Small Releases is about releasing small batches of features to the customer early and continuously. It's the opposite of Waterfall's Big Bang approach, where all the features are released towards the end of the project. To enable this requires constraining large-release desires within the team.

Customer Tests

They are also known as Acceptance Tests. It's a practice where tests are included in the specifications of stories. It constrains developers from declaring a story as developed until all its acceptance tests have passed. But it enables more quality.

Whole Team

The practice where those working on a project co-locate (sit together). It constrains individual members from sitting wherever they like. But it enables serendipitous and nonverbal communication.

Social Thought

Who should choose enabling constraints? Tradition suggests the answer lies in a balance of subsidiarity and solidarity.
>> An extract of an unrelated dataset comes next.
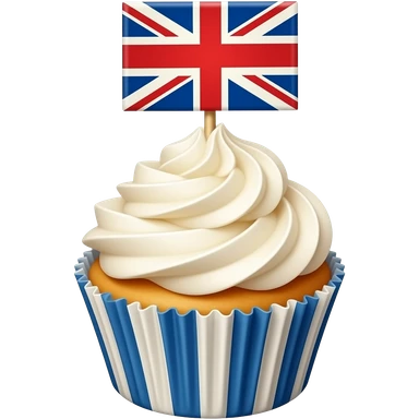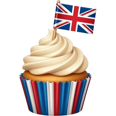 Elegant cupcake with small Union Jack topper, isolated, centered, no background, no table, no scenery, no text, soft cream frosting, refined red white and blue accents emoji

Subsidiarity is a principle that says regulation should happen on the local level. By this principle, the local leaders of a team, such as team leaders and tech leads, have the authority to choose their enabling constraints.

Solidarity is about the unity, alignment, and good of the whole. It motivates a central authority (such as the federal government in the USA) to regulate the entire organisation. A company's high-ups choose the enabling constraints in this view.
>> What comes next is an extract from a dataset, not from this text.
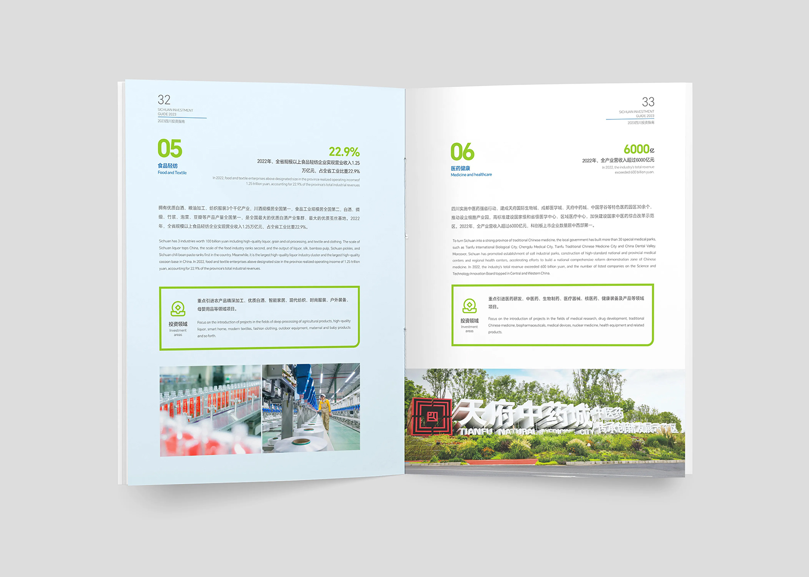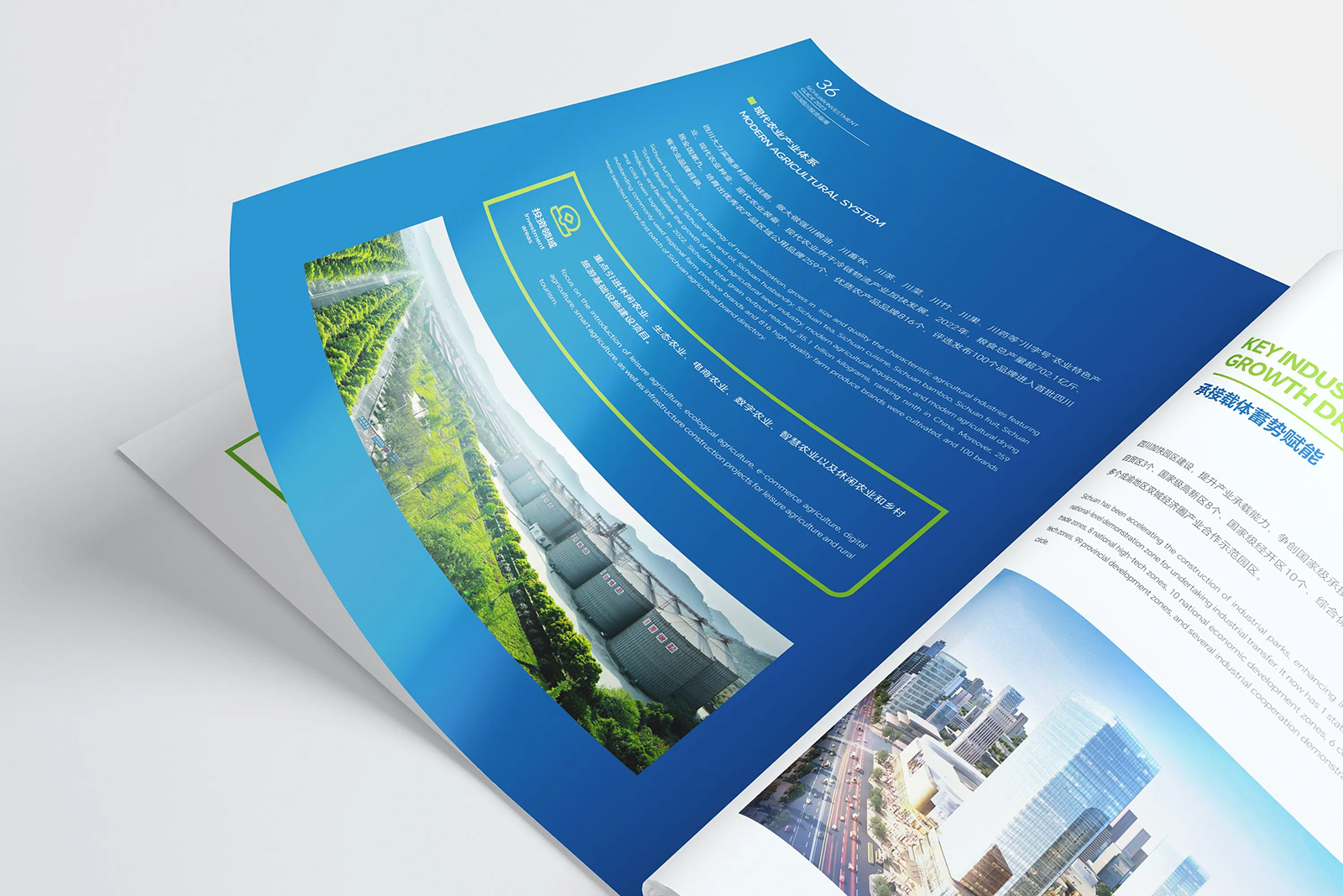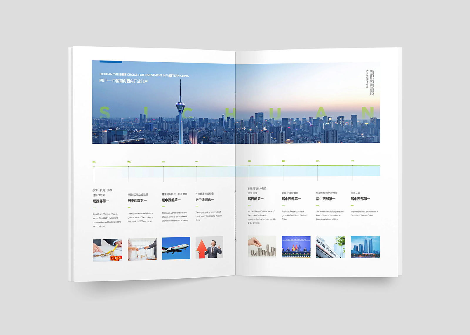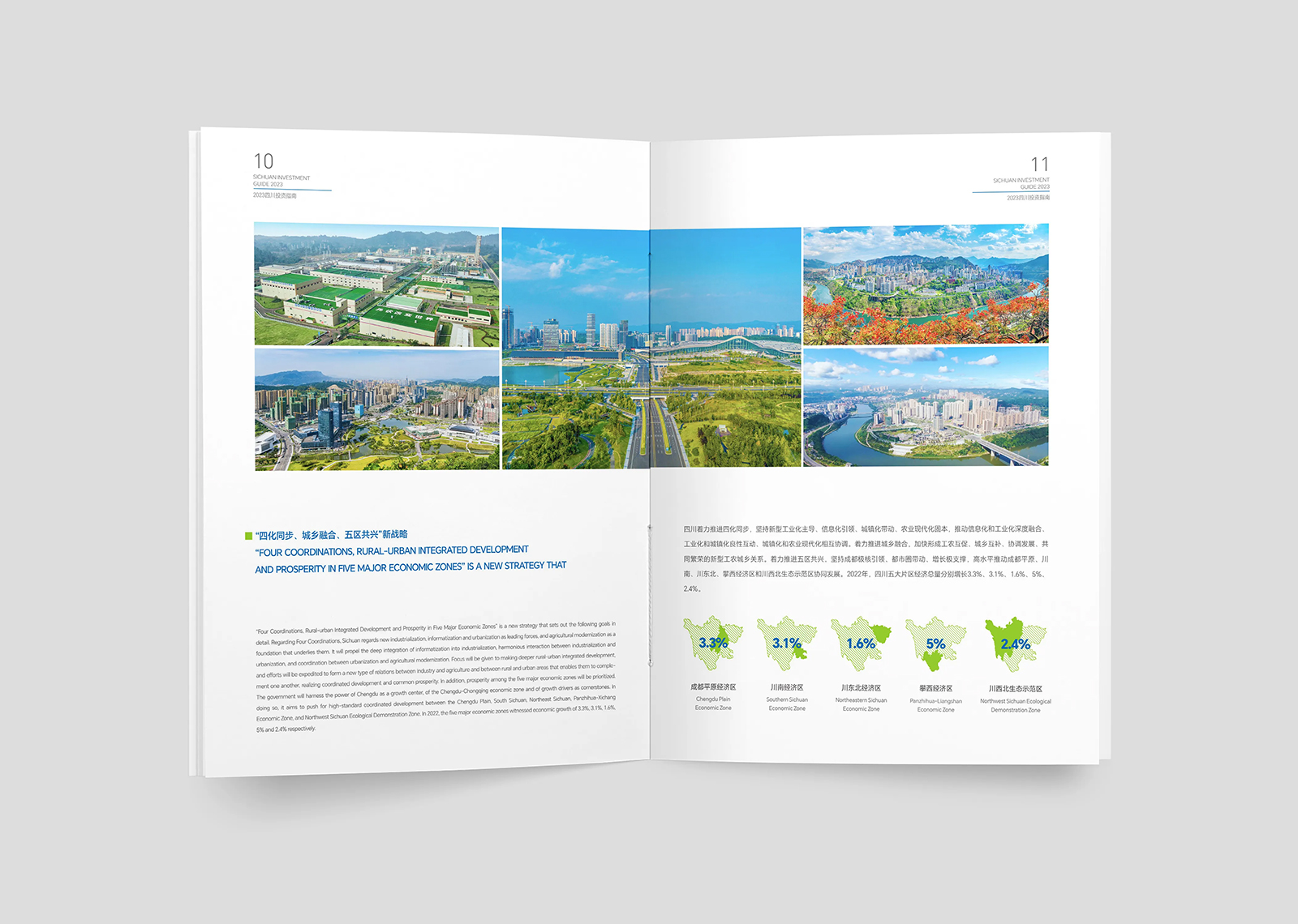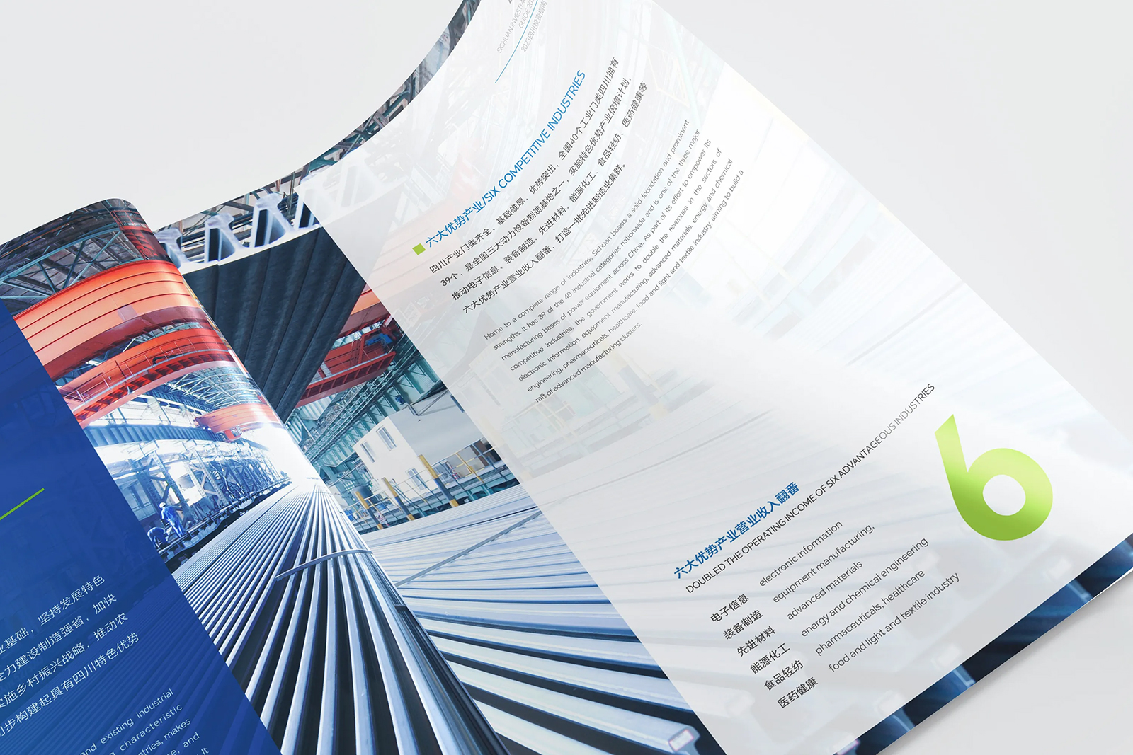 視覺風(fēng)格是招商手冊(cè)至關(guān)重要的部分,它不僅能夠吸引觀眾的注意力,還能傳達(dá)信息的核心價(jià)值和品牌形象。設(shè)計(jì)招商手冊(cè)時(shí),我們的目標(biāo)是全面展示區(qū)域在經(jīng)濟(jì)、資源和投資環(huán)境方面的獨(dú)特優(yōu)勢(shì)。畫冊(cè)通過一系列精心挑選的圖片和數(shù)據(jù),傳達(dá)了作為中國(guó)西部地區(qū)投資首選地的強(qiáng)大吸引力。首先畫冊(cè)的開篇通過一系列圖表和數(shù)據(jù),突出了地區(qū)在多個(gè)經(jīng)濟(jì)指標(biāo)上的領(lǐng)先地位。例如地區(qū)在進(jìn)出口、外商直接投資規(guī)模、國(guó)際航線和航班數(shù)量等方面均居中西部第一,展現(xiàn)了其作為中國(guó)南向西向開放門戶的重要地位。畫冊(cè)深入介紹了地區(qū)的發(fā)展戰(zhàn)略,這一戰(zhàn)略強(qiáng)調(diào)了新型工業(yè)化、信息化、城鎮(zhèn)化和農(nóng)業(yè)現(xiàn)代化的深度融合,以及城鄉(xiāng)一體化發(fā)展,旨在推動(dòng)地區(qū)經(jīng)濟(jì)的全面繁榮。在資源稟賦方面,畫冊(cè)突出了地區(qū)在清潔能源、礦產(chǎn)資源和文旅資源方面的獨(dú)特優(yōu)勢(shì)。同時(shí)礦產(chǎn)資源豐富擁有多種金屬和非金屬礦產(chǎn),為工業(yè)發(fā)展提供了堅(jiān)實(shí)的基礎(chǔ)。畫冊(cè)還詳細(xì)介紹了每個(gè)區(qū)域都有其獨(dú)特的產(chǎn)業(yè)集群和發(fā)展方向。在投資領(lǐng)域畫冊(cè)強(qiáng)調(diào)了地區(qū)在先進(jìn)材料、能源化工、食品輕紡和醫(yī)藥健康等行業(yè)的發(fā)展?jié)摿?。通過展示各行業(yè)的主營(yíng)業(yè)務(wù)收入增長(zhǎng)數(shù)據(jù),向潛在投資者展示了地區(qū)強(qiáng)勁發(fā)展?jié)摿?。整本畫?cè)通過豐富的數(shù)據(jù)、清晰的圖表和直觀的圖片,全面展示了在經(jīng)濟(jì)、資源和投資環(huán)境方面的優(yōu)勢(shì)使其成為有力宣傳資料。

Because a central authority isn't in the trenches, they may not know what the best solutions for local issues are. A balance of subsidiarity and solidarity is therefore needed.

Conclusion

We enable ourselves with constraints. How ironic! Sport. Agile. Kanban. DevOps. We observe it all around us. It takes discipline to play along, though, to agree to be constrained. Conscientiousness, the personality trait, is required for that. We should, therefore, strive to have proper enabling constraints and conscientious members if we want to be a high-performance team.

P.S.

This article is an extension, with several changes, of the original Enabling Constraint article I published on Apr 24, 2023.